A new study revealed that young people who have higher than normal body-mass index or suffering from obesity were more likely to develop poor cardiovascular health, despite being young, and apparently, healthy.

The study, presented at the 50th Annual Conference of the European Society of Human Genetics, showed that higher BMI in those young adults aged as a young as 17 could experience cardiovascular ill-health.

"Our results showed that the causal impact of higher BMI on cardiac output was solely driven by the volume of blood pumped by the left ventricle (stroke volume)," said Dr Kaitlin Wade, a Research Associate at the Medical Research Council Integrative Epidemiology Unit (MRC-IEU) at the University of Bristol and lead author of the study, in a press release. "This, at least in part, can explain the causal effect of higher BMI on cardiac hypertrophy and higher blood pressure that we observed in all our analyses."

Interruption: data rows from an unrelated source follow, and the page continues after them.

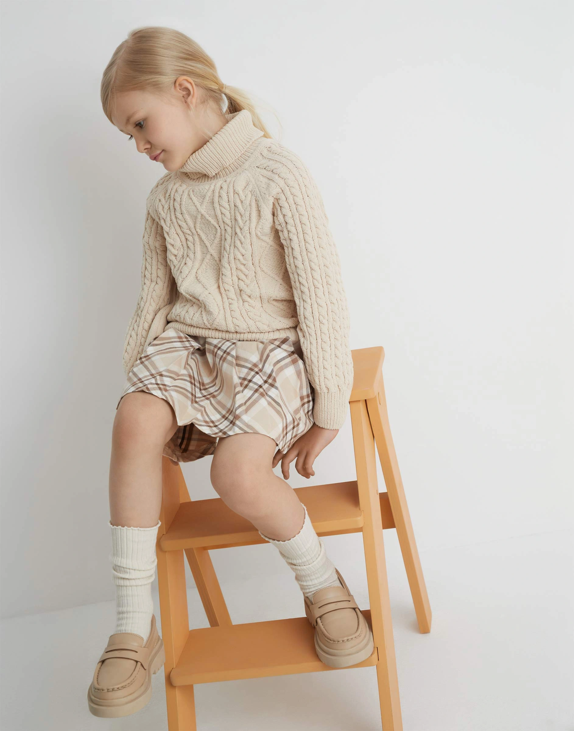 Бежевый свитер с косами для девочки Gsw007891-2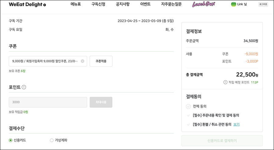 회원가입을 할 때 잊지말고 추천인코드를 입력하면 3000원 포인트도 얻을 수 있습니다. 저도 지인 추천으로 꽤 저렴한 가격에 점심식사 5~10일치를 미리 구독을 해두었어요.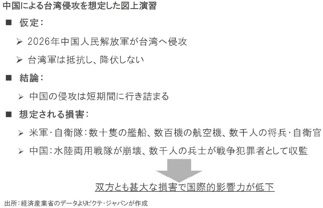 CSISは、中国による台湾武力侵攻を想定、24回の図上演習を実施した。結論は、「中国の侵攻は短期間に行き詰まる」である。ただし、日米両国にとっても、米軍及び自衛隊が多くの戦力を失うとの厳しい結果だった。中国は台湾への武力侵攻ではなく、内政問題として治安維持のため警察部隊の投入を検討するのではないか。この戦略は、次期台湾総統が中国に近い人物だった場合に可能性が高まるだろう。

For the study, the researchers investigated the link between higher BMI and cardiovascular health using data from The Avon Longitudinal Study of Parents and Children (ALSPAC), a birth cohort study that started in the early 1990s and includes over 14,000 pregnant mothers with their partners and children. Using the genomic data from the ALSPAC, the researchers were able to detect the likely causal relationship between higher BMI and higher blood pressure and left ventricular mass index (LVMI) in those aged 17 and 21.

The researchers found that the causal effect of high BMI and obesity on cardiovascular health lies on the volume of blood pumped by the left ventricle. A thickened left ventricle in the heart, or hypertrophy, suggests that it has worked harder to pump blood. Hypertrophy is commonly used as a strong indication of heart disease.

According to the Centers for Disease Control and Prevention the prevalence of obesity in young adults, which is about 32.2 percent, is lower than those of the middle-aged and older adults, about 40.2 percent and 37.0 percent, respectively.